Monday, April 21, 2008

Big news!

Bekah gave birth to Lily Russell today. She's healthy and beautiful. Bekah is in good shape even though I don't think she feels like it at the moment. I'm more tired than I've been in months and I didn't even do anything, so your going to have to wait till tomorrow or the next day before I share my thoughts on this.

Yeah, that's right. I'm going to actually write something again. I think my vacation from blogging is coming to an end. Back to infecting the internet with my ramblings. But for now, I sleep.

Sunday, March 30, 2008

Something I found

"July the 14th, 1861

Washington D.C.

My very dear Sarah:

The indications are very strong that we shall move in a few days—perhaps tomorrow. Lest I should not be able to write you again, I feel impelled to write lines that may fall under your eye when I shall be no more.
Our movement may be one of a few days duration and full of pleasure—and it may be one of severe conflict and death to me. Not my will, but thine O God, be done. If it is necessary that I should fall on the battlefield for my country, I am ready. I have no misgivings about, or lack of confidence in, the cause in which I am engaged, and my courage does not halt or falter. I know how strongly American Civilization now leans upon the triumph of the Government, and how great a debt we owe to those who went before us through the blood and suffering of the Revolution.

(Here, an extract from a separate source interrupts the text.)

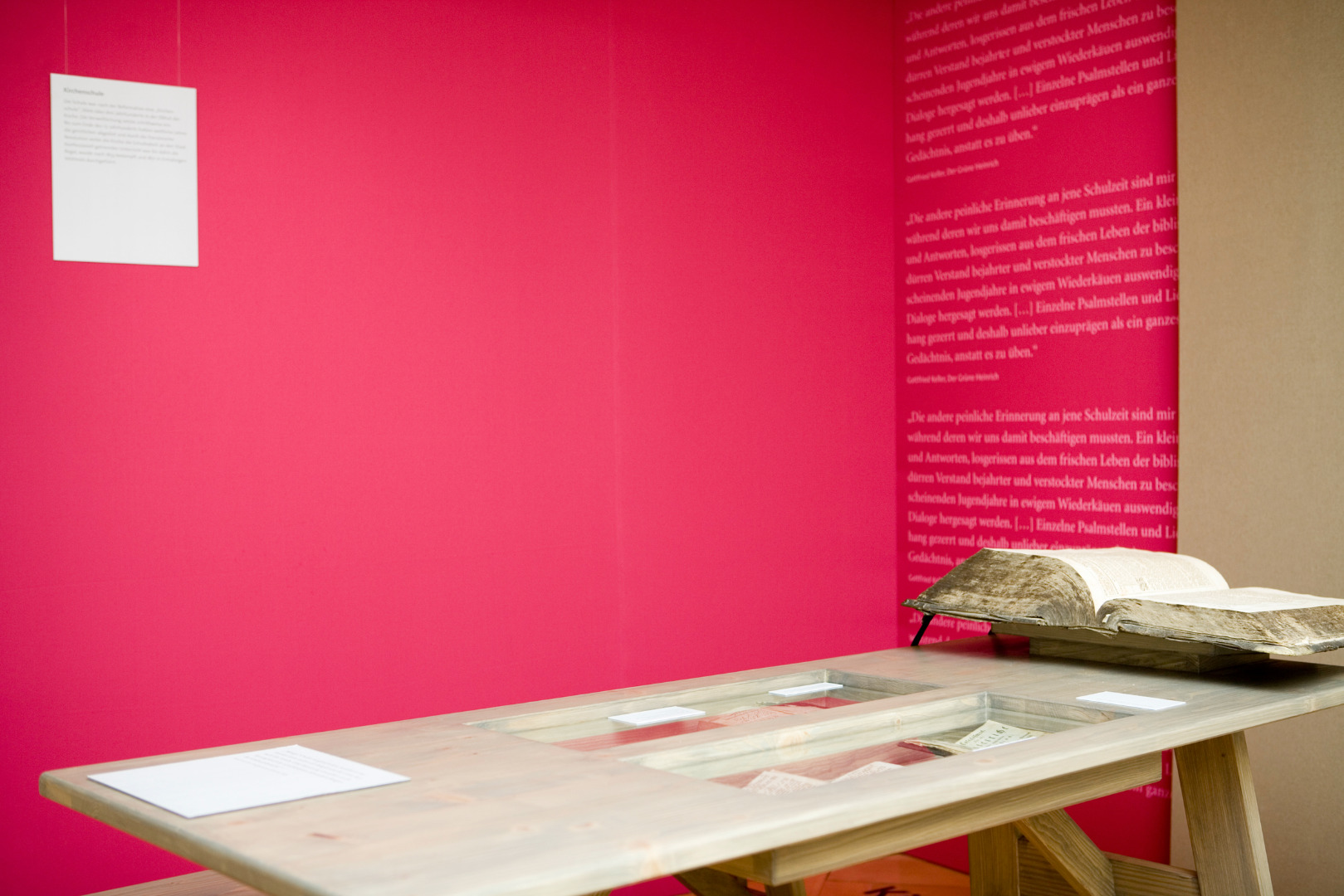 Im Zentrum der im August 2006 eröffneten Ausstellung standen die Kerndisziplinen Lesen, Schreiben und Rechnen. Die Besucher und Besucherinnen begaben sich auf eine Zeitreise. Einige ausgewählte Kapitel der 200-jährigen Entwicklung der Volksschule zeigten die «schwierigen Anfänge» der Schule auf. Was täten wir ohne Buchstaben und Zahlen? Wann ist ein Kind schulreif? Wie entwickelte sich die Buchschule zur staatlichen Volksschule? Welche Welten eröffnen sich Kindern, nach der ersten Begegnung mit dem Alphabet?

And I am willing—perfectly willing—to lay down all my joys in this life, to help maintain this Government, and to pay that debt.
But, my dear wife, when I know that with my own joys I lay down nearly all of yours, and replace them in this life with cares and sorrows—when, after having eaten for long years the bitter fruit of orphanage myself, I must offer it as their only sustenance to my dear little children—is it weak or dishonorable, while the banner of my purpose floats calmly and proudly in the breeze, that my unbounded love for you, my darling wife and children, should struggle in fierce, though useless, contest with my love of country?
I cannot describe to you my feelings on this calm summer night, when two thousand men are sleeping around me, many of them enjoying the last, perhaps, before that of death—and I, suspicious that Death is creeping behind me with his fatal dart, am communing with God, my country, and thee.
I have sought most closely and diligently, and often in my breast, for a wrong motive in thus hazarding the happiness of those I loved and I could not find one. A pure love of my country and of the principles have often advocated before the people and "the name of honor that I love more than I fear death" have called upon me, and I have obeyed.
Sarah, my love for you is deathless, it seems to bind me to you with mighty cables that nothing but Omnipotence could break; and yet my love of Country comes over me like a strong wind and bears me irresistibly on with all these chains to the battlefield.
The memories of the blissful moments I have spent with you come creeping over me, and I feel most gratified to God and to you that I have enjoyed them so long. And hard it is for me to give them up and burn to ashes the hopes of future years, when God willing, we might still have lived and loved together and seen our sons grow up to honorable manhood around us. I have, I know, but few and small claims upon Divine Providence, but something whispers to me—perhaps it is the wafted prayer of my little Edgar—that I shall return to my loved ones unharmed. If I do not, my dear Sarah, never forget how much I love you, and when my last breath escapes me on the battlefield, it will whisper your name.
Forgive my many faults, and the many pains I have caused you. How thoughtless and foolish I have often been! How gladly would I wash out with my tears every little spot upon your happiness, and struggle with all the misfortune of this world, to shield you and my children from harm. But I cannot. I must watch you from the spirit land and hover near you, while you buffet the storms with your precious little freight, and wait with sad patience till we meet to part no more.
But, O Sarah! If the dead can come back to this earth and flit unseen around those they loved, I shall always be near you; in the garish day and in the darkest night—amidst your happiest scenes and gloomiest hours—always, always; and if there be a soft breeze upon your cheek, it shall be my breath; or the cool air fans your throbbing temple, it shall be my spirit passing by.
Sarah, do not mourn me dead; think I am gone and wait for thee, for we shall meet again.
As for my little boys, they will grow as I have done, and never know a father's love and care. Little Willie is too young to remember me long, and my blue-eyed Edgar will keep my frolics with him among the dimmest memories of his childhood. Sarah, I have unlimited confidence in your maternal care and your development of their characters. Tell my two mothers his and hers I call God's blessing upon them. O Sarah, I wait for you there! Come to me, and lead thither my children.
Sullivan"

-Major Sullivan Ballou Written one week before his death at the First Battle of Bull Run.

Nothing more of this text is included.